这段日子,他总是想起她,以往和她快乐的回忆统统涌了回来。有些事情真的要到失去,才懂得珍惜,才懂得自己和她在一起,有多快乐。
和陆莞在一起的时候,虽然也开心,但心里总像被大石头压着,知道她不属于他,随时可能离开,便没有安全感。但尹霜在一起,那种轻松快乐是无法用语言形容的。
她是一个很简单很直接的姑娘,个性爽朗,有什么说什么,从来不需要他去猜测,那种感觉很自然,很轻松。
而且她身上有一种感染力,能够让周围的人因为她开心,因为她笑。和她在一起那段时间,是他人生中最快乐的时期。

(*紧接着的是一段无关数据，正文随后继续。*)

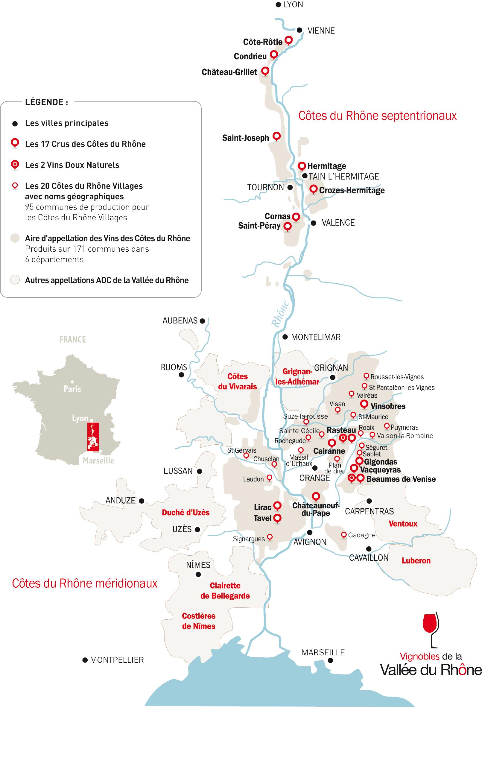 - CROZES-HERMITAGE : Situé sur le Nord de l’AOC, sur les communes de Gervans, Crozes, Erôme et Larnage, où la majorité des parcelles est en coteaux.
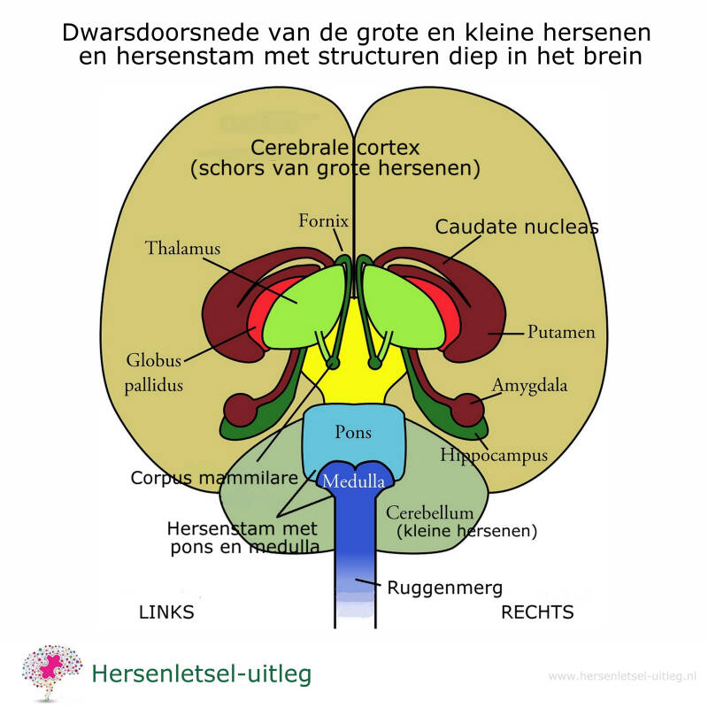De hersenschors, de diepere delen van de hersenen en het gebied tussen de hersenen en de hersenstam
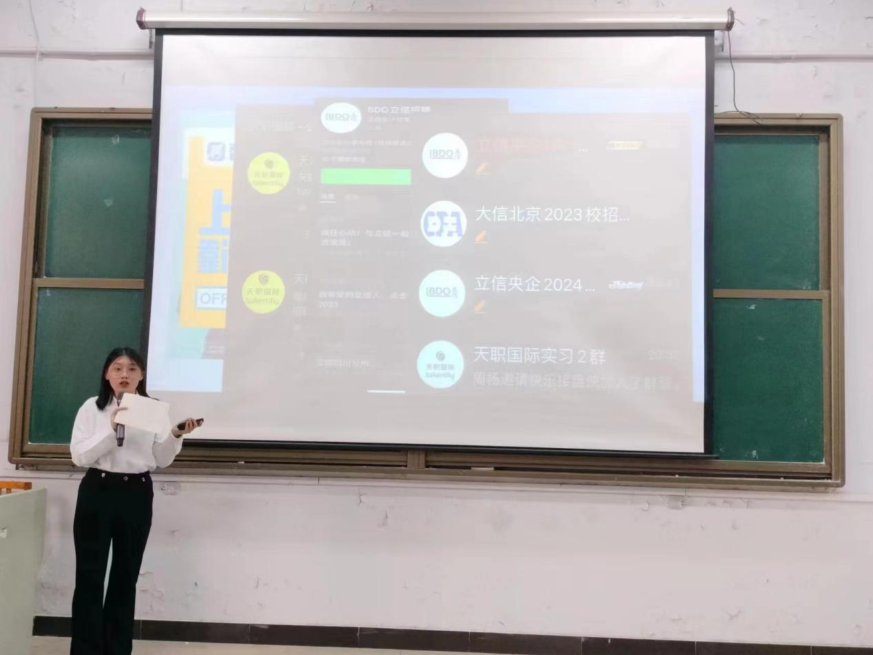 张艳敏为本次大会致辞,她对取得优异成绩的先进集体和优秀个人表示热烈的祝贺,号召同学们向先进学习,向榜样看齐,希望同学们坚守砥砺前行的奋斗精神,不断磨砺和提升自我,努力成为德才兼备的优秀专业人才。邓怀宇宣读表彰决议,对钟豪、霍雨婷等18名同学授予会计系“社会实习先进个人”荣誉称号,对2021级会计3班等5个班级授予会计系“社会实习先进组织”荣誉称号。受表彰的18名同学依次上台从审计助理、第五次经济普查员、大学生返家乡、会计、直播带货、餐饮店长等方面分享了自己在实习过程中的所见、所闻、所感、所得,并表示接下来将重新审视自我,勤学苦练,提升就业技能,以良好的心态去面对社会。
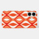 Phone case in a Mid-Century Modern diamond pattern of nested marquise shapes - light and deep coral orange, with white, and dark mandarin orange accents
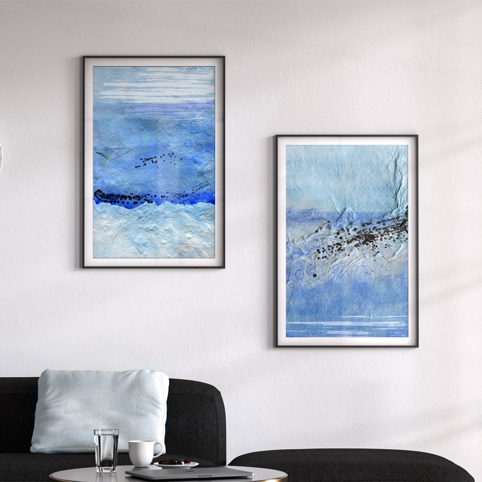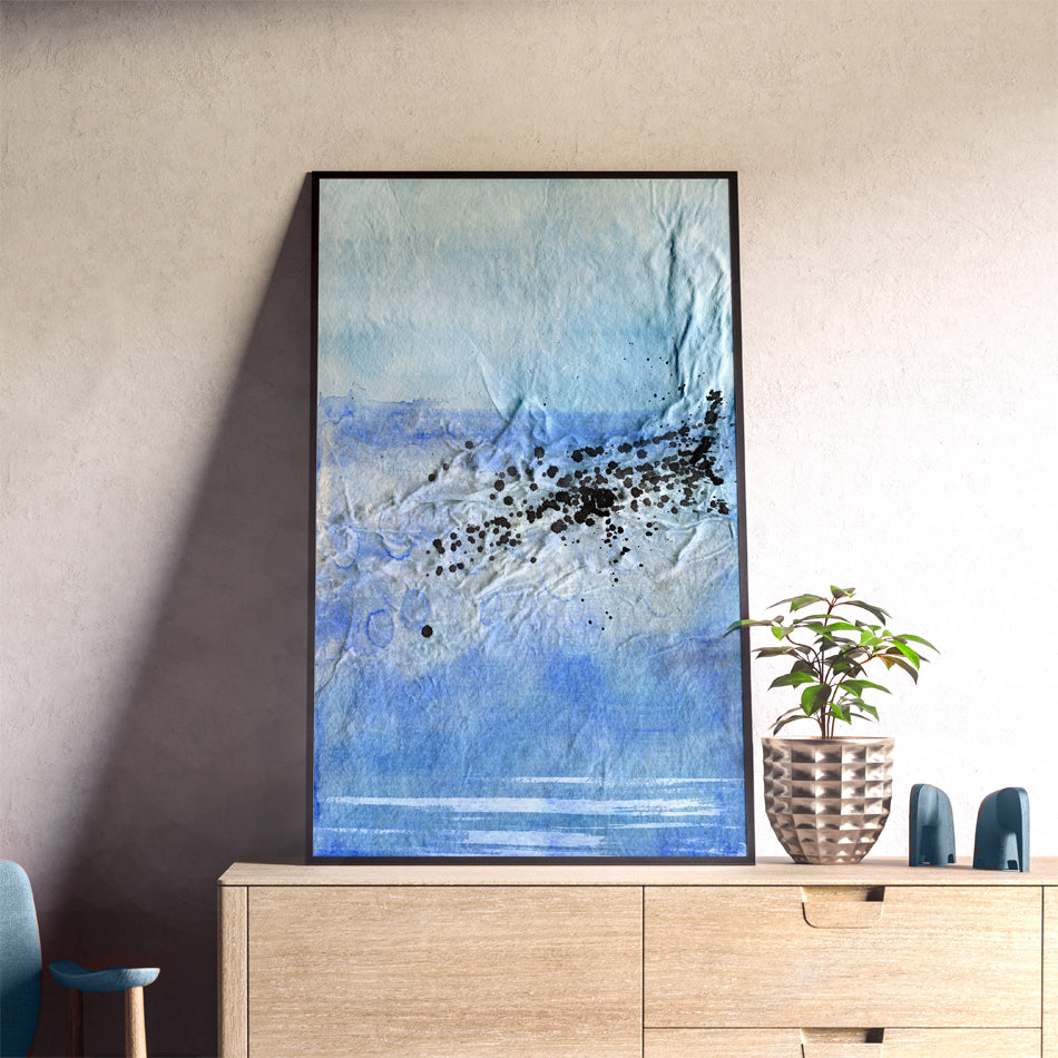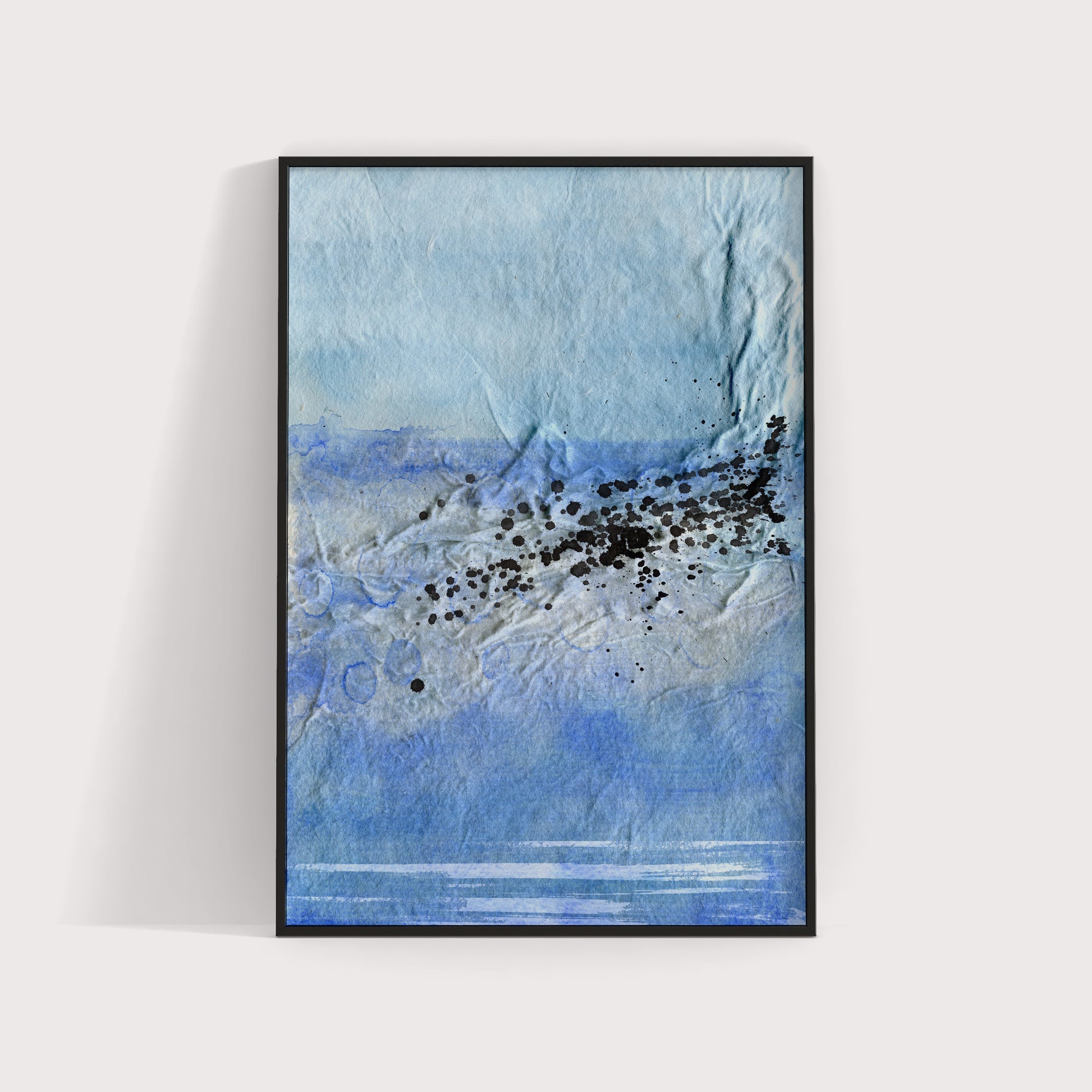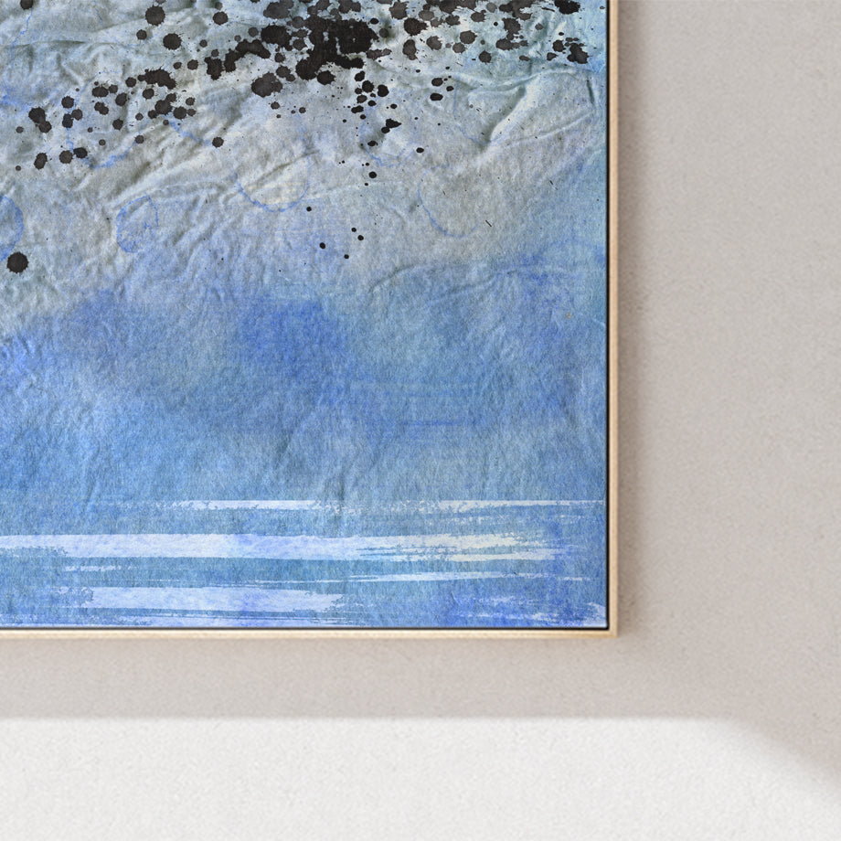 Una diagonal de tinta negra atraviesa la composición como una corriente inesperada, un gesto audaz que rompe la serenidad y añade tensión visual, como si el océano revelara su fuerza contenida.

只可惜,那个时候他并不懂得,有些快乐,如果不牢牢握住,就会从指缝间流走,再也找不回来。
如今和她在一起的每一分钟,都显得那样弥足珍贵。
尹霜靠在车座上,闭着眼睛休憩。一方面是因为累,一方面是不想面对司徒斐。他今晚救了她,她不想对他冷嘲热讽。而且那些事,做多了,就厌倦了,她不愿再揪着不放。他烦,她也觉得烦,没必要在伤口上撒盐,让它自动愈合就好,真的没有必要计较太多。
“要听歌吗?”
她摇摇头。
“对了,你怎么会这么晚一个人在这吃饭?你……男朋友呢?他怎么放心你一个人在外面?”司徒斐在心里暗暗责怪苏远游没有保护好她。如果今天不是他刚好遇上,将发生多么恐怖的事情,后果他不敢去想。
“不关他的事,你也没资格管。”
司徒斐憋了口闷气,胸膛里闷闷的,喘不过气。“你……还在怪我?”
“没有!你今天救了我一命,就当扯平了。以后我们只是陌生人,见了面,就当不认识!”
“陌生人”这三个字,刺痛了司徒斐的耳膜,太阳穴也跟着“突突”跳动。他发现这个身份,比她恨他,更让他痛苦。恨他,至少代表他还在乎她,甚至是因爱而恨。可是“陌生人”,等于他从她心里被彻底抹去,什么都不剩。
“我知道我对不起你,但我不想和你只是陌生人,小霜,我……”
“司徒斐,我知道你在想什么,我真的知道。你后悔了是不是?”他沉默,等于默认,尹霜明了。人都有劣根性,根深蒂固,骨子里的。失去了,方才明白她的价值。她比陆莞好太多,任何男人都懂得。如果现在她肯回头,他一定会选择她。
可是,陆莞仍在他心里占有很重要的位置,他这辈子都无法从他心里割舍,她抢不过她,也不想去和她抢。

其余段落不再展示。